(Problem to work on): Starting at the line that contains "鍋爐房與變配電站、調(diào)壓站的相對位置見圖1,鍋爐房平面布置見圖2。", output each line exactly as written through the end of the listing below, but leave out the pictures.

(Data):
/---

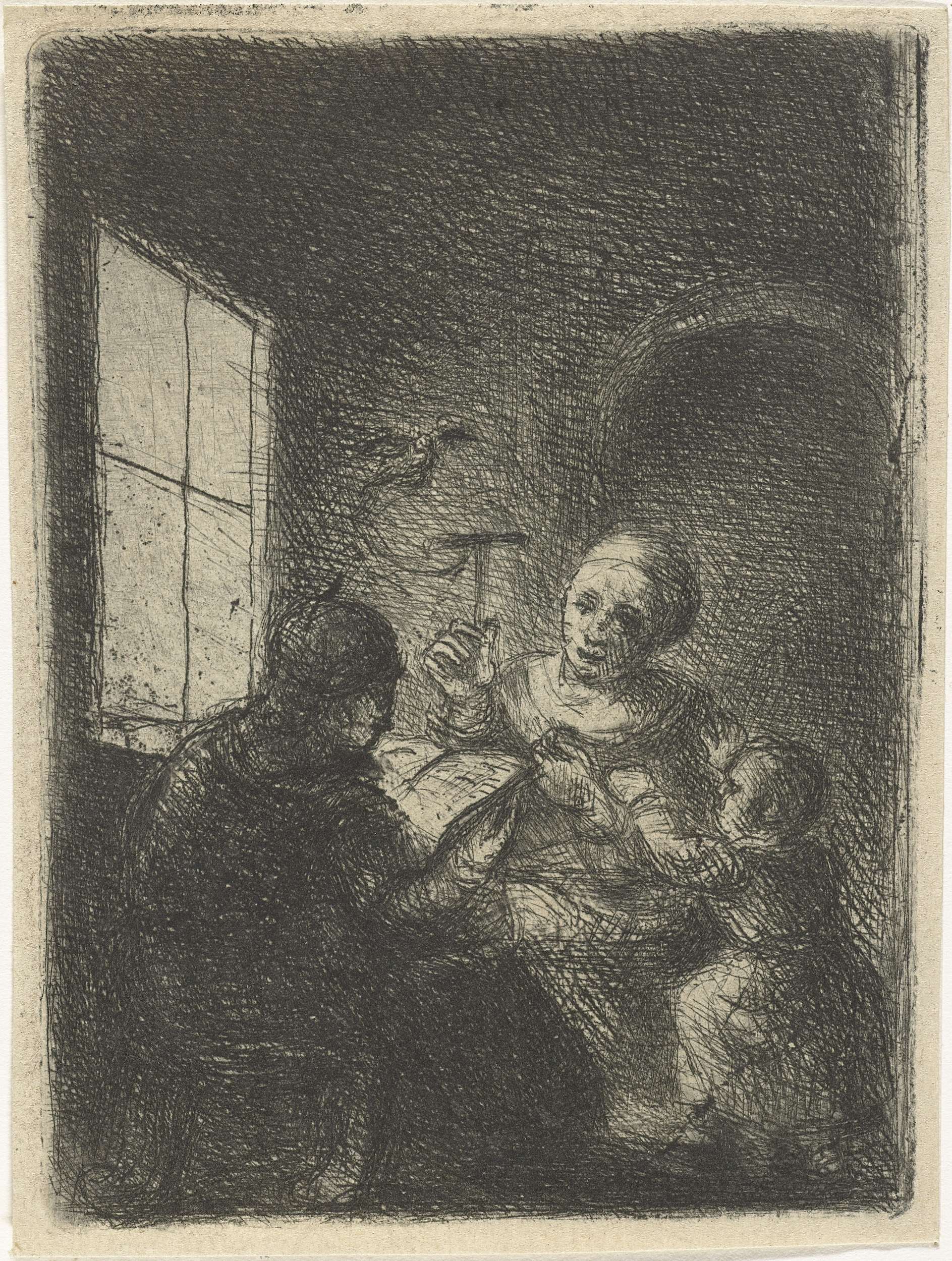 Twee naakte vrouwen bespieden een zoenend paar
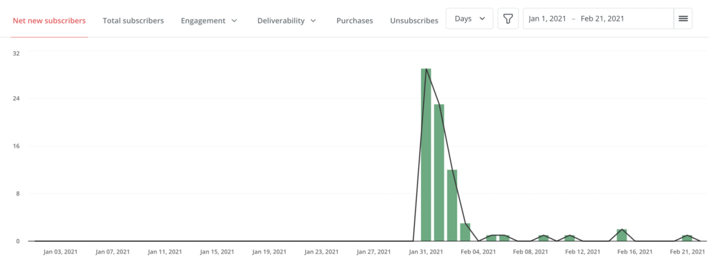 If I was doing this again I would have duplicated our main homepage to send ad traffic to so I could better segment and track those subscribers.
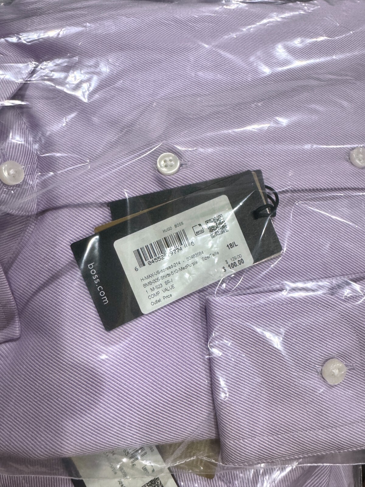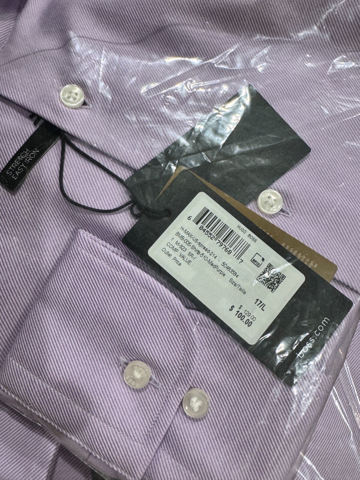 NWT Hugo Boss Max Explejado Easy Iron Fit Med Med Purple Stretch Algodon Camisa de vestir de algodon
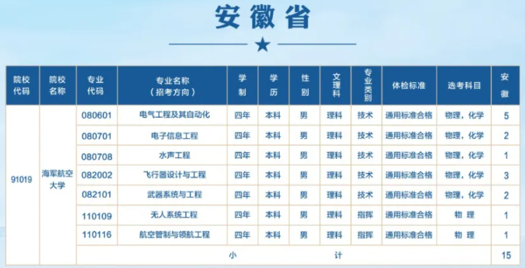 2024年在安徽海军航空大学总计划招收15人,详细各专业招生计划如下:
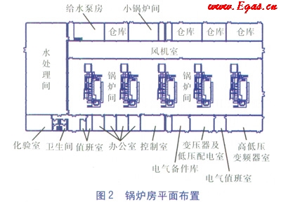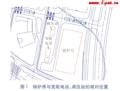 鍋爐房與變配電站、調(diào)壓站的相對位置見圖1,鍋爐房平面布置見圖2。
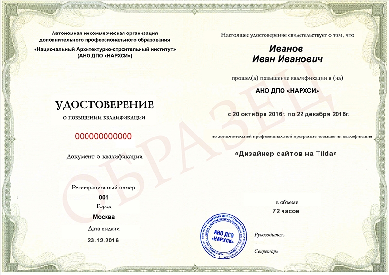 Курс повышения квалификации Создание сайтов на Tilda (72ч)

\---

(Problem solution):
 鍋爐房與變配電站、調(diào)壓站的相對位置見圖1,鍋爐房平面布置見圖2。
 Курс повышения квалификации Создание сайтов на Tilda (72ч)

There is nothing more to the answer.